VicPlas International Annual Report 2010

Page 16

VicPlas International Ltd and its Subsidiaries

Corporate Governance Report Notes 1. Mr David Curtis-Bennett was appointed as a Non–Executive Director and member of the Remuneration Committee on October 23, 2009 and member of the Nominating Committee on March 9, 2010. 2.

Mr Robert Gaines-Cooper was appointed as a Non–Executive Director on October 23, 2009.

3. Mr Ng Cher Yan was appointed as an Independent Director and member of the Audit Committee on May 3, 2010. 4.

Mr Loh Beng Seng retired as an Executive Director on November 25, 2009.

5. Mr Lim Hock Beng ceased to be a member of the Audit, Remuneration and Nominating Committees on October 23, 2009 and retired as a Non-Executive Director on November 25, 2009. 6.

Mr Trevor John Swete retired as a Non-Executive Director on November 25, 2009.

7. Mr Tan Joon Hoe resigned as an Independent Director, Chairman of the Audit Committee, member of the Remuneration and Nominating Committees on December 9, 2009. 8.

Mr Yeo Wico was appointed member of the Remuneration Committee on March 9, 2010.

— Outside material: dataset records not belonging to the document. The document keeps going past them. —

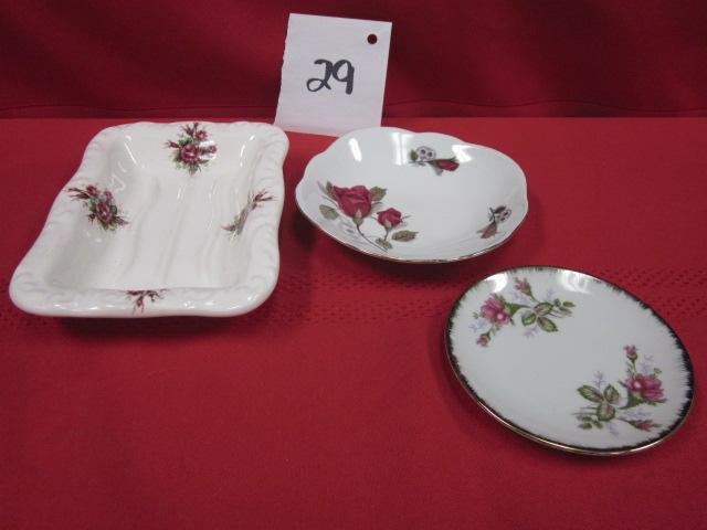 (2)Decorative Floral Dishes & Decorative Floral Soap DIsh, 3 pcs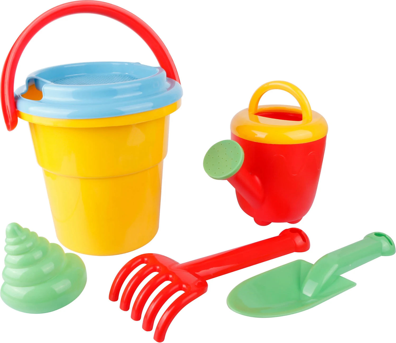 – mit Eimer, Gießkanne, Schaufel, Rechen und Förmchen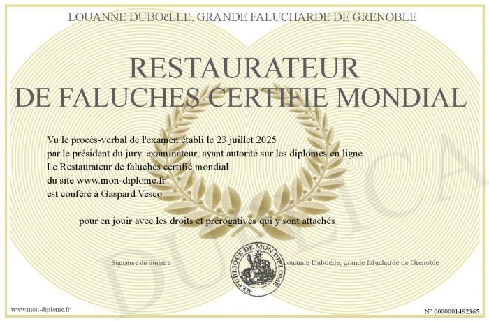 Envoyez par email votre Restaurateur de faluches certifié mondial personalisé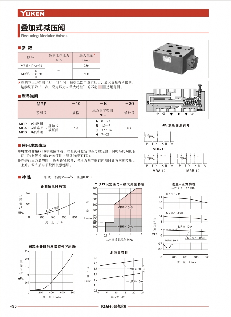 YUKEN油研疊加閥 MRP,MRA,MRB-10系列疊加式減壓閥

Principle 2: Board Composition and Balance The Board has six members, all non-executive directors. Four of the six directors are independent directors comprising two third of the Board. Details of the directors’ shareholdings in the Company are set out in the Directors’ Report. The four independent non-executive directors are Mr. Yeo Wico, Mr. Nicos Nicolaides, Mr. Ang Mong Seng and Mr. Ng Cher Yan. The Board’s adoption of the independence concept is in line with the definition of an “independent director” in the Code. The key elements of fulfilling the criteria are the appointment of an independent director who is not a member of the management and is free of relationship with the Company, related companies or its officers that could interfere with the exercise of independent judgement or the ability to act in the interest of the Company. Every director is expected to act in good faith and always in the best interest of the Company. They are to contribute positively to the Company with their expertise and knowledge in business, accounting, finance, technology and management. They should also bring with them impartial judgement and independence in decision making at the Board level. The NC, after reviewing the independence of each non-executive director for financial year 2010, is of the view that the non-executive directors of the Company satisfy the criteria of independency and each and every director shares equal responsibility on the Board. The NC is also of the view that the current board size is adequate, taking into consideration the nature and scope of the Group’s operations. The Company’s Articles of Association require, one third of the Board to retire and subject to re-election by shareholders at every annual general meeting (“AGM’). The directors must offer themselves for re-nomination and re-election at regular intervals of at least once every three years. In addition, a newly appointed director will offer himself for retirement and re-election at the AGM immediately following his appointment. Thereafter, he is subject to retirement by rotation once every three years. The directors standing for re-election at the forthcoming AGM under Articles 115 and 119 of the Company’s Articles of Association are Mr. Ang Mong Seng and Mr. Ng Cher Yan respectively.